In May, SSB Citi will introduce a new advertising campaign emphasizing long-term investing and asset allocation.

SSB Citi Asset Management also is "telling people they should not try to time the market," Kain said.

Scudder Kemper Investments of Boston and other companies that offer mostly value funds, have the toughest jobs now since value stocks have been out of favour for a particularly long stretch. In the past 12 months alone, large cap growth funds have outperformed large cap value funds by an average of more than 25 percent, according to Morningstar.

To address investors' concerns, Scudder Kemper is devoting considerable attention to explaining its investment philosophy.

"We are having to take the time to explain the reasons behind the investments in order to calm investors' nerves," said Steven Shapiro, vice president of corporate communications.

"But once they understand why our portfolio managers make the decisions they do, they seem to understand. For example, in our Growth & Income Fund, which takes a value approach, we don't think it is appropriate to be in some of these high-flying technology stocks. If you look at those companies' fundamentals, you will see that many of them don't even have earnings.

"But we do think it is appropriate to invest in a company like Corning, which lays the pipelines for the Internet. It's a safer Internet play. When we explain such strategies to our 800,000 shareholders in our monthly newsletter, we can calm their frustrations."

The Oakmark Fund, a value equity fund managed by Harris Associates of Chicago, has also had to struggle with investors' concerns over returns.

Fund manager Robert Sanborn finally got tired of incessant grumbling he has been hearing for the past several months and issued a letter to shareholders last month. The letter said that today's very narrow market is "purely a cash flow phenomenon" that will continue only as long as all of the excitement over a few stocks continues to attract assets - buoying their price in a "vicious cycle."

"The most overpriced stocks keep doing the best, and the concept of buying an overpriced stock in the hopes of it becoming overvalued does not appeal to me, and I won't do it," wrote Sanborn in his letter.

The appeal has not stemmed the tide of cash outflows for The Oakmark Fund, Sanborn said.

"We've had net cash outflows every day for the past six months," said Sanborn. Oakmark now has $6 billion of assets under management, down from $9 billion a year ago.

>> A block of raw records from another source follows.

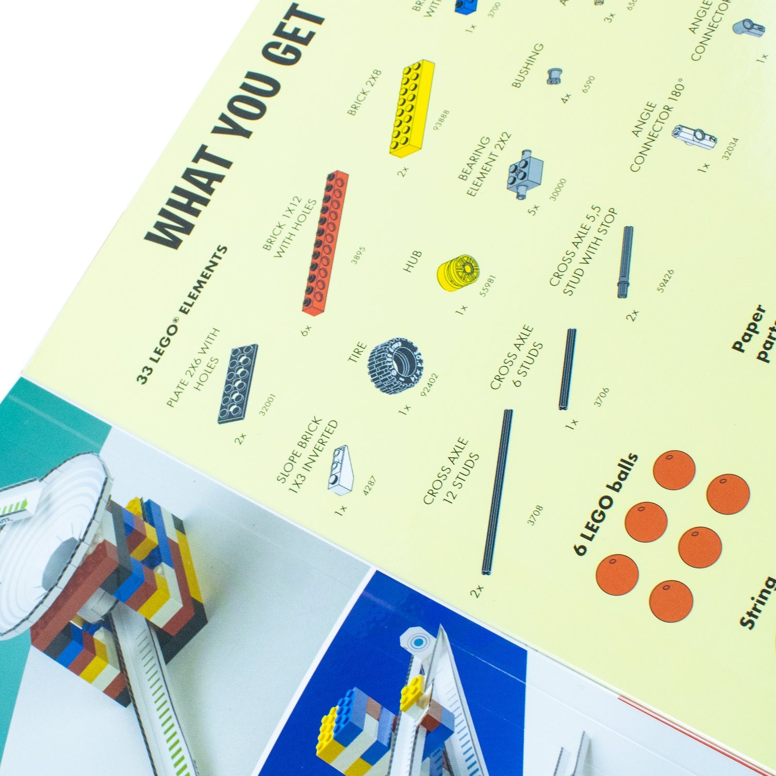 Includes 78-page book of instructions and inspiration, 33 LEGO elements, 6 LEGO balls, 2.2 yards of string, 8 paper ramps, 2 paper pop-up signs, paper funnel, paper flag, paper bucket, platform
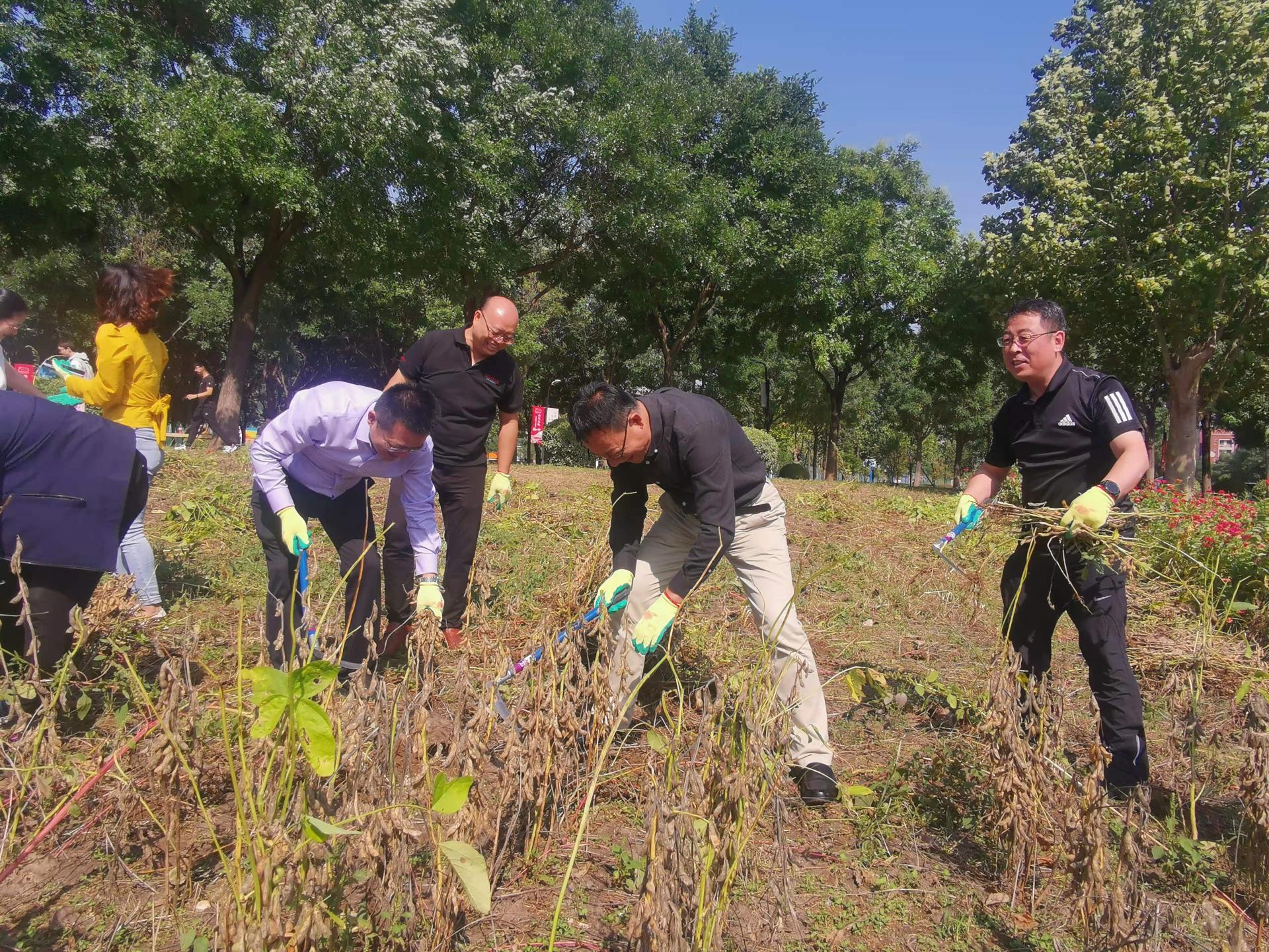 活动期间,大家集体完成了校内部分黄豆田的收割工作。山交服务党支部准备了镰刀,讲解了收割技术要领。党员同志们自发按垄分工,依次收割,齐头并进,有条不紊,汗水浸湿了衣衫,鞋子粘满了泥土,但大家毫无怨言,配合默契,脸上洋溢着劳动的喜悦。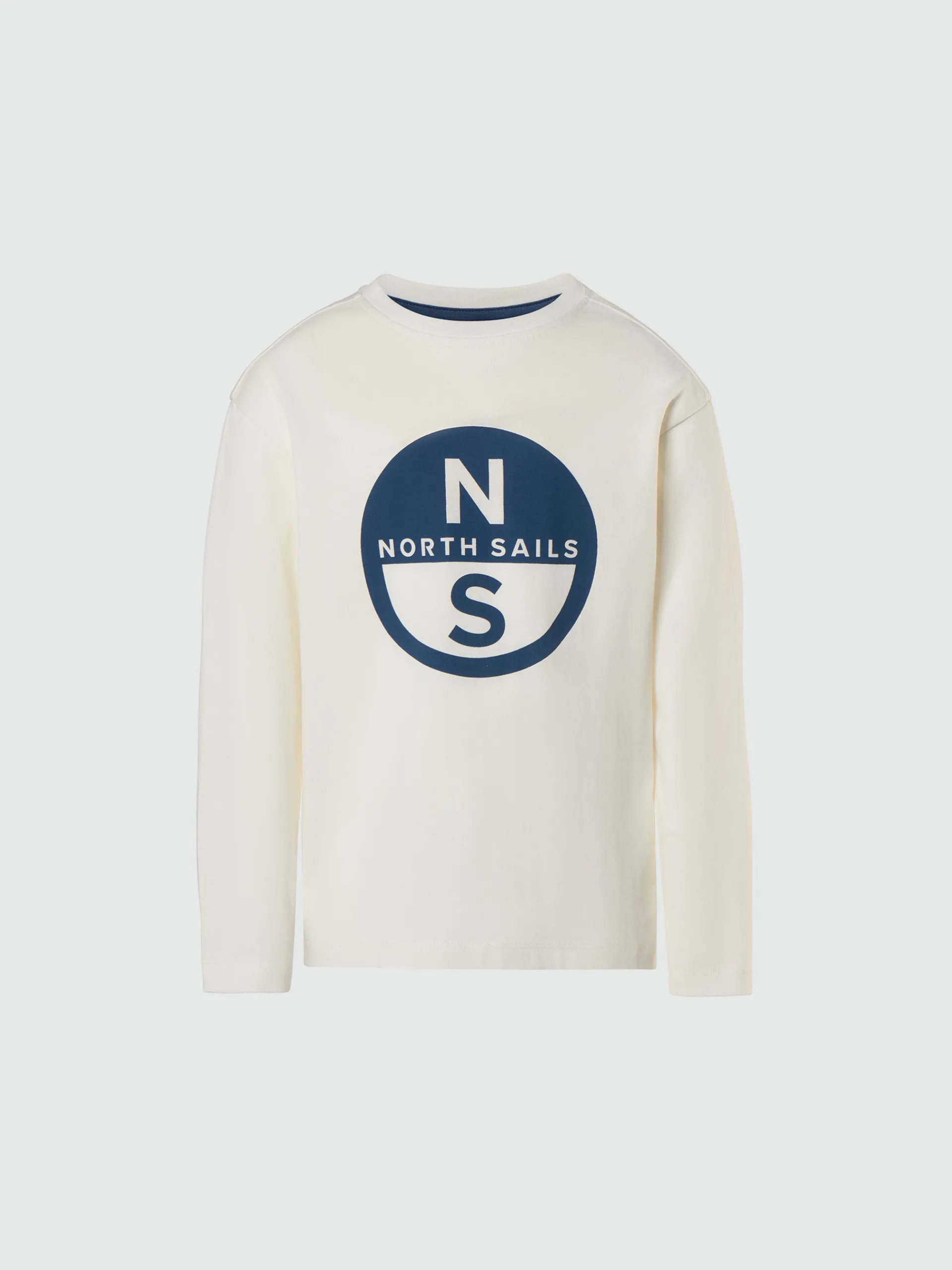 La t-shirt a maniche lunghe che esprime in ogni dettaglio lo spirito North Sails. Perfetto per la scuola e il tempo libero, il modello è realizzato in jersey di cotone organico che riduce il consumo di acqua e le emissioni rispetto alle fibre tradizionali. Si caratterizza per il maxi logo stampato sul davanti per una decisa dichiarazione di stile.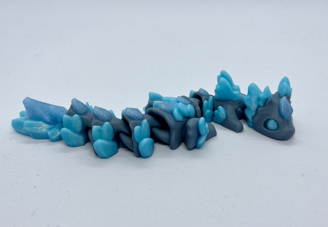 3D-tulostettu nivelletty lohikäärme fidget-leluksi. Värisävyt voivat poiketa kuvista. Valmistettu PLA-muovista.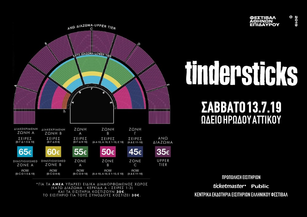 Τηλεφωνικό Κέντρο: 210 32 72000 (Δευτ. – Κυρ: 9.00 – 21.00) Public Stores Εκδοτήρια Ελληνικού Φεστιβάλ (Πανεπιστημίου 39, Στοά Πεσμαζόγλου από τα μέσα Μαΐου 2019) Οι μεταπωλητές των εισιτηρίων χρεώνουν έξοδα διαχείρισης ανάλογα με το τιμολόγιό τους.

Sanborn has received numerous calls and e-mails from investors asking him why his fund is not heavily invested in America Online or another big winning stock.

"Some people even said the fund is a dog," he said, noting it gained only four percent last year.

"It's hard to refute investors' new logic (of chasing performance) even if it is mindless," Sanborn said. "But I wish money wasn't pouring out."

Despite the energetic efforts of these and other companies, financial advisors and consultants are skeptical the messages are having an impact.

"Those educational efforts are falling on deaf ears," said Russ Prince of Prince & Associates, a mutual fund consulting firm in Shelton, Conn. "Expectations are getting out of control, and investors are telling their mutual fund companies, You can tell me anything you want and it doesn't matter because you have a lousy fund and you should be doing better.' "

These messages "have a hollow ring to them, especially when there are a lot of sexy numbers out there," said Burton Greenwald, president of B.J. Greenwald & Associates, a mutual fund consulting firm in Philadelphia.